Build your connector as a shared library using Project Panama (Java 22+) for zero-copy in-process loading.

Requirements¶

Java 22+ — uses the Foreign Function & Memory API (JEP 454)
GCC or Clang for compiling the thin C bootstrap

Setup¶

Register your connector with PluginExport:

import com.bundlebase.sdk.*;

public class ExampleFfiConnector implements Connector {
    // ... implement discover() and data() as usual ...

    static {
        PluginExport.register(new ExampleFfiConnector());
    }
}

Build¶

Build the Panama bridge and your Java code into a shared library:

# Build Java classes
mvn compile

# Build native shim (from sdk/java directory)
mvn compile -Dnative

This produces libbundlebase_plugin.so in target/.

Use¶

bundle.import_connector('example.connector', 'ffi::./libbundlebase_plugin.so')
bundle.create_source('example.connector')

How It Works¶

The native bridge uses Project Panama's Foreign Function & Memory API for high-performance Java↔C interop:

A thin C bootstrap (bundlebase_plugin.c) starts the JVM once at library load
It calls PluginExport.initialize() — a single JNI call that registers Panama upcall stubs
All subsequent bundlebase_discover, bundlebase_data, and bundlebase_stable_url calls route through Panama function pointers — no JNI method dispatch on the hot path
Strings are allocated via malloc() in Java (using Panama downcalls) and freed by Bundlebase via bundlebase_free()
Arrow data is transferred via the Arrow C Data Interface (ArrowArrayStream)

This architecture means JNI is used only for the one-time JVM bootstrap. All data-path calls use Panama upcalls, which avoids JNI overhead (method ID lookups, string conversions in C, etc.).

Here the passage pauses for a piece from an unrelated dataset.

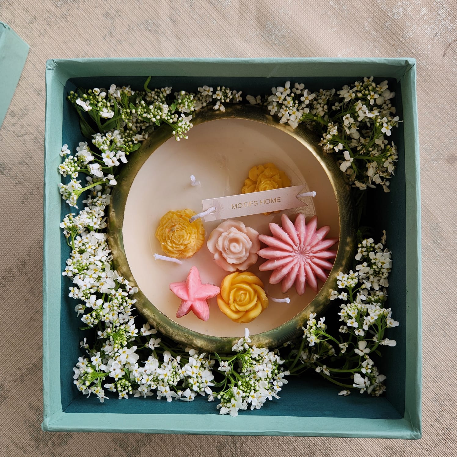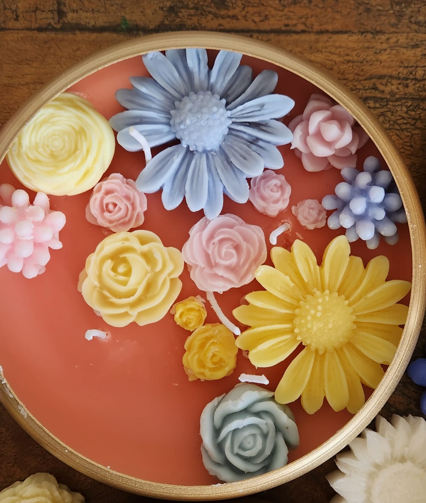 Soft scented soy wax dressed with dry flat flowers and leaves. Golden beads and pearls are added for the glam. Kindly note- every candle will have uniquely placed flower arrangement as we give more emphasis on the aesthetic look

The same Connector interface works for both native and IPC — switch between them by changing only the entry point (PluginExport.register() + native build vs Serve.run() + JAR).

See Native Mode for the full C ABI reference.

Error Handling¶

Exceptions thrown in your discover(), data(), or stableUrl() methods are caught by the SDK and returned as JSON-RPC error responses with code -32000. The exception message is included:

public VectorSchemaRoot data(Location location, Map<String, String> args) {
    throw new RuntimeException("Database connection failed");
    // Bundlebase receives: {"error": {"code": -32000, "message": "Database connection failed"}}
}

The SDK automatically closes VectorSchemaRoot instances after sending the Arrow IPC data.

Bundlebase surfaces these errors to the user as connector failures during FETCH.